Apretó el celular, volvió a las cortinas, las abrió un poco, casi nada. La figura fue más clara, no era cualquier hombre, era él. Escudriñó la vestimenta, negro total del calzado a la camisa. Él seguía inmóvil, en la oscuridad, ahora sonreía.
Luz Eterna
Por Nicte G. Yuen
Yo estaba ahí, sentada en esa incómoda silla de hospital del IMSS, con la garganta cerrada a causa de una avalancha de llanto y angustia; mirando el cuerpo consumido por el cáncer. Ella tenía los ojos cerrados, sin embargo, parecía mirar hacia la ventana con una sonrisa plácida. Estiré la mano para acariciarle la mejilla, era evidente su cansancio. Me levanté para ir en busca de mi tercera taza de café. Al regresar, un par de susurros danzaban por el cuarto.

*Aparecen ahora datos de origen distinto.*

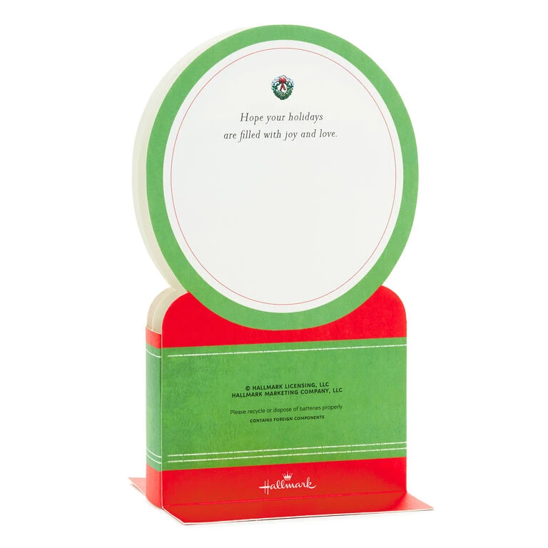 Musical pop-up Christmas greeting card with motion features a laser-cut, three-dimensional snowy scene of an antique red truck and a charming mountain village inside of a 3D snow globe-style design. Musical card plays the song “We Wish You a Merry Christmas” while “snow” blows inside when button on front is pressed. Simply unfold the card to create a fun surprise—no assembly required—that can be displayed all season long. When open for display, 3D pop-up card measures approx. 7″ H.

-Querida mía, estabas aún pequeña la última vez que nos vimos; pero ya es tiempo, ven, toma mi mano que nos esperan.
-¿A dónde?
-Con el abuelo y con tu papá.
La ventana estaba abierta y un frío congelante se colaba entre las batas verdes y las sábanas blancas. Me acerqué para cerrarla temiendo mirar hacia la camilla. Las piernas me temblaban y el corazón palpitaba enloquecido. Hacía mucho tiempo ya, pero estaba segura que se trataba de la voz de la abuela.
-Yo siempre estoy.
Cerré los ojos cuando sentí una mano sobre mi hombro. Apenas un roce. Fue entonces que escuché el último suspiro desvanecerse con la más dolorosa lentitud.
Pruebas de amor
Por Maggo Rodríguez
No dudes que te sigo amando. Que ya estés con Diosito no significa que te haya olvidado. Ahora tengo que ponerte tu altar y, como hay un montón de trabajo en la oficina, no he podido ir al mercado de Mezquitán por flores; he dejado de lado mi orgullo y le pedí a Inés que me enseñara a hacer cempasúchiles de papel.

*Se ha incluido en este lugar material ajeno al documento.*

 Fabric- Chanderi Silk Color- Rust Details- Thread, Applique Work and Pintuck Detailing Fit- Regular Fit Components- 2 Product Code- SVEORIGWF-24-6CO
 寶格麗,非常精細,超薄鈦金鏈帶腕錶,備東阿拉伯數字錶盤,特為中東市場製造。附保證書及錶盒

Caminé poco más de dos horas en el tianguis de Tonalá buscando la calavera más bonita para ponerle tu nombre, y sahumerios para el copal. Entre carriolas, turistas, compradores y vendedores de aguas de dudosa procedencia puse a prueba mi paciencia, sólo para ti.
Fui al centro, un miércoles a mediodía, me lo dieron en compensación de las 12 horas de jornada del sábado. Iba por dos cirios medianos, de una buena cera, porque no me gustan las veladoras (me siguen dando miedo), ¿sabes dónde las compré? Con el señor que nunca tiene cambio. No hay novedad, sigue sin cambio, así que también tuve que ir a feriar uno de 200 al banco.
No dudes que te sigo amando, porque, aunque estés muerto, sigo dándolo todo por ti.